Sosyal sermayeyi güçlendiren, sosyal destek sağlayan kurum ve kuruluşların giderek yaygınlaştığı günümüz koşullarına rağmen, güven duygusu toplumumuz içinde giderek azalmaktadır. Öğrenci öğretmenine, çocuk ebeveynine, yargılanan hâkimine, tutuklanan polisine, seçmen seçilenlere, yönetilen yönetenlerine, cemaatin imama güven duymadığı bir zaman dilimi içinde yaşıyoruz.
Halbuki bireyin güven duygusu daha yapılan araştırmalarda 0-2 yaş arasında oluşmaya başladığını ve sosyal destek sistemiyle geliştiğini göstermektedir. Ancak daha anne kucağında güven duygusu sarsılmış ve sosyal destek sağlayan çevresiyle de güvenmeme duygusunun pekiştirildiğini görüyoruz. Bir çocuk, belli bir yaşa geldiğinde başta ailesi olmak üzere çevresindeki birçok kimseye güvenmemeyi öğrenmiş olarak kişiliğini oluşturmuş oluyor. İnsanların beden dili ile ilgilenmesinin arka planındaki sebeplerden birisi de, söz ile sözün dışındaki unsurlar arasındaki tutarsızlığı keşfetmeye çalışmaktır. Sen böyle diyorsun ama aslında böyle demek istiyorsun gibi…

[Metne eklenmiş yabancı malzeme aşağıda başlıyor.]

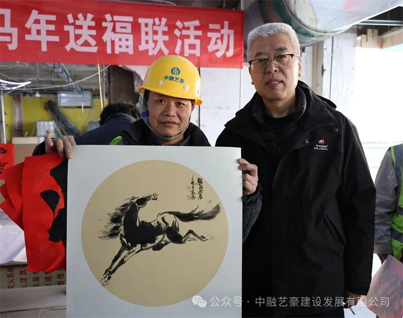 活动现场,墨香袅袅、暖意融融。多位书法艺术家凝神挥毫,笔走龙蛇间尽显汉字风骨,一副副寓意吉祥的春联、一个个苍劲有力的“福”字,在笔墨交融中新鲜出炉,字里行间既有“龙马精神”“马到成功”等马年专属的美好祝愿,更饱含着对一线建设者默默耕耘、无私奉献的崇高敬意。

Bugün gelinen noktada, güven duygusu, sosyal hayatın içindeki en önemli problemlerden birisi haline gelmiştir. Toplumsal mesajların birçoğu da güven duygusunu ortadan kaldırmaya yöneliktir. Olumsuzluk içeren mesajlar en sonunda kişinin, kendine olan güvenini de ortadan kaldırmaktadır.
İnsan ve toplumların güçlü olduğu yönler vardır. Güçlü yönleri desteklemek ve geliştirmek, bireyler arası ilişkilerde sempatiye dönüşür. Karşılıklı ilişkilerde gözümüze ilk çarpan, genelde olumsuz özelliklerdir. Hâlbuki bizim kültürümüz de güzeli görmek vardır. Ancak zaman içinde güven duygusu ile birlikte güzel düşünmeyi, güzel görmeyi de kaybettik.
Aynı düşüncedeki insanlar arasında bile derin farklılıklar olduğunu görüyoruz. Bunun en önemli sebebi beslendiğimiz ve örnek aldığımız kaynaklardaki derin farklılıklardır. Güven duygusu sarsılmış, olumsuzluklara odaklanmış ilişkiler ağının olduğu bir yerde kolektif imandan söz edemeyiz.